• _ASSIGNMENT_: Output exactly, and only, the lines below from the one with "An American flag" down to the one with "3-in-1-Wireless-Ladegeräte sind beliebt, weil". Include both end lines and no pictures.

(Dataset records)
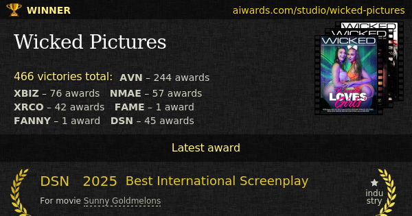Wicked Pictures is a pornographic studio. Known "Suicide Squad XXX: An Axel Braun Parody", "Underworld", "The Preacher's Daughter", "The Rocki Whore Picture Show: A Hardcore Parody" and "Double Feature!" - these are only few movies filmed by the studio. Latest winning titles: "The Hunger", "American Stud" and "Sunny Goldmelons". Axel Braun, Brad Armstrong and Herve Bodilis directed movies for Wicked Pictures. Studio top-ranked adult features - solo, oral sex, all-girl, anal sex, group sex, double-penetration, parody, gonzo, epic, amateur and threesome. Wicked Pictures gained totally 466 AVN, XBIZ, NMAE, XRCO, F.A.M.E., The Fannys and DSN trophies. The company won AVN "Best Actress - Video" awards six years in a row. The studio collected awards in over 31 years range. Wicked Pictures collected several individual awards including "Best Overall Marketing Campaign - Company Image", "Best Overall Marketing Campaign - Individual Project" and "Best DVD Authoring".
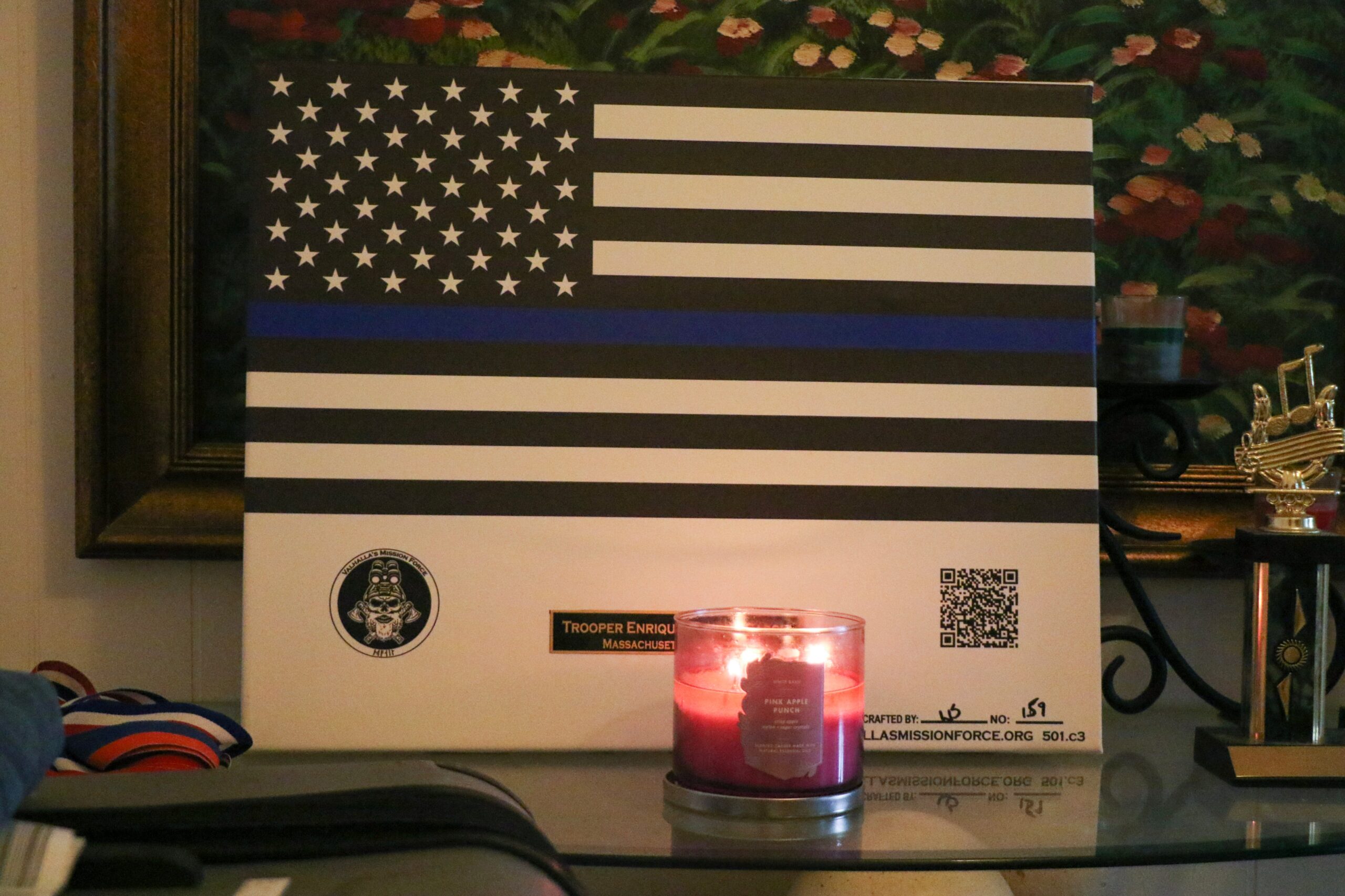 An American flag featuring a thin blue line, set against an unmarked canvas bearing the name of Trooper Enrique Delgado-García in black and gold lettering. (Gustavo Atencio Flores/MassLive)
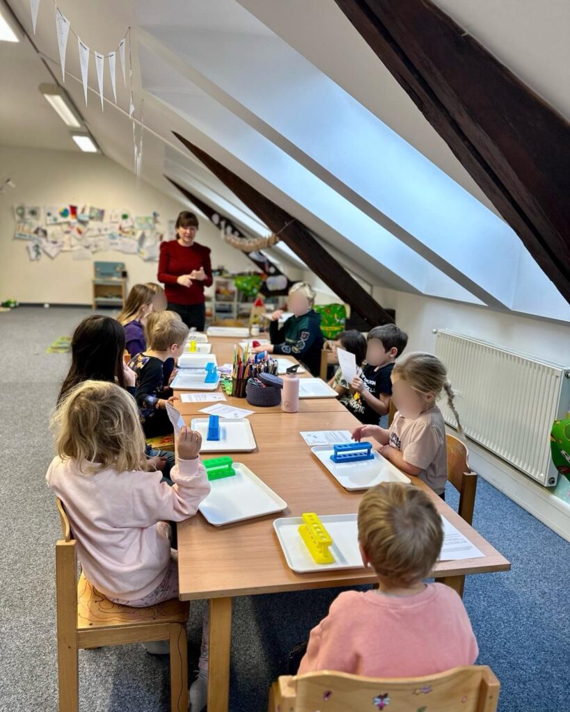 - Pro starší děti je vymezen speciální čas na předškolní přípravu – jemně a hravě rozvíjíme potřebné dovednosti a pomáháme jim připravit se na další kroky.
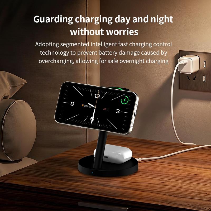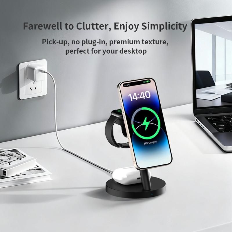 3-in-1-Wireless-Ladegeräte sind beliebt, weil sie Kabelsalat reduzieren und das tägliche Aufladen bequemer machen. Magnetische Ladeständer sind besonders nützlich, da sie das Smartphone leichter in die richtige Position bringen als ein flaches Ladepad. Modelle mit verstellbaren Halterungen erleichtern zudem das Überprüfen von Benachrichtigungen, die Nutzung des Standby-Modus oder das Sichtbarhalten des Bildschirms während des Ladevorgangs.
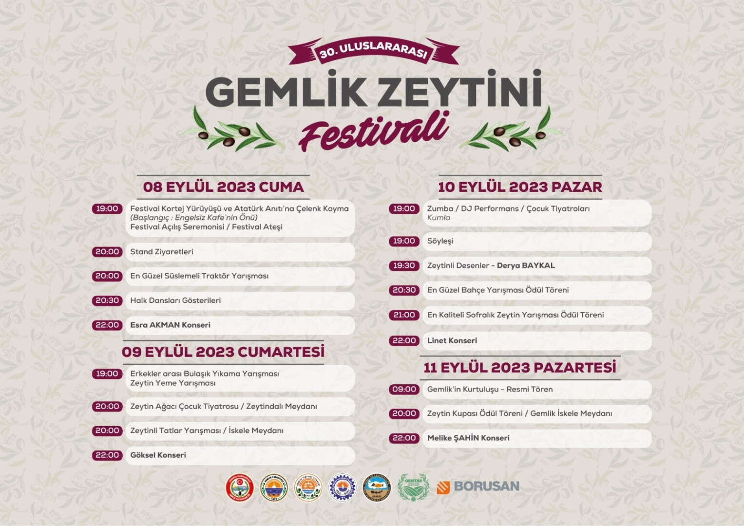 Gemlik Belediyesi tarafından düzenlenen, Gemlik Kaymakamlığı, Gemlik Ticaret Borsası, Gemlik Esnaf ve Sanatkârlar Odası, Gemlik Esnaf Kefalet Kooperatifi, Gemtar’ın katkılarıyla ve Borusan’ın sponsorluk desteği verdiği 30. Gemlik Zeytin Festivali; 8 – 11 Eylül tarihleri arasında Gemlik İskele Meydanı’nda düzenlenecek.
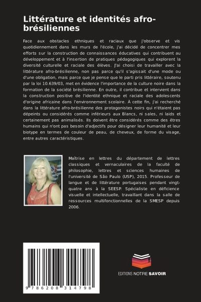 Face aux obstacles ethniques et raciaux que j'observe et vis quotidiennement dans les murs de l'école, j'ai décidé de concentrer mes efforts sur la construction de connaissances éducatives qui contribuent au développement et à l'insertion de pratiques pédagogiques qui explorent la diversité culturelle et raciale des élèves. J'ai choisi de travailler avec la littérature afro-brésilienne, non pas parce qu'il s'agissait d'une mode ou d'une obligation, mais parce que je pense que le parti pris littéraire, soutenu par la loi 10.639/03, met en évidence l'importance de la culture noire dans la formation de la société brésilienne. En outre, il contribue et intervient dans la construction positive de l'identité ethnique et raciale des adolescents d'origine africaine dans l'environnement scolaire. À cette fin, j'ai recherché dans la littérature afro-brésilienne des protagonistes noirs qui n'étaient pas dépeints ou considérés comme inférieurs aux Blancs, ni sales, ni laids et certainement pas animalisés. Ils doivent être considérés comme des êtres humains qui n'ont pas besoin d'adjectifs pour désigner leur humanité et leur biotype en termes de couleur de peau, de cheveux, de forme du visage, entre autres caractéristiques.

• _RESPONSE AREA_:
 An American flag featuring a thin blue line, set against an unmarked canvas bearing the name of Trooper Enrique Delgado-García in black and gold lettering. (Gustavo Atencio Flores/MassLive)
 - Pro starší děti je vymezen speciální čas na předškolní přípravu – jemně a hravě rozvíjíme potřebné dovednosti a pomáháme jim připravit se na další kroky.
 3-in-1-Wireless-Ladegeräte sind beliebt, weil sie Kabelsalat reduzieren und das tägliche Aufladen bequemer machen. Magnetische Ladeständer sind besonders nützlich, da sie das Smartphone leichter in die richtige Position bringen als ein flaches Ladepad. Modelle mit verstellbaren Halterungen erleichtern zudem das Überprüfen von Benachrichtigungen, die Nutzung des Standby-Modus oder das Sichtbarhalten des Bildschirms während des Ladevorgangs.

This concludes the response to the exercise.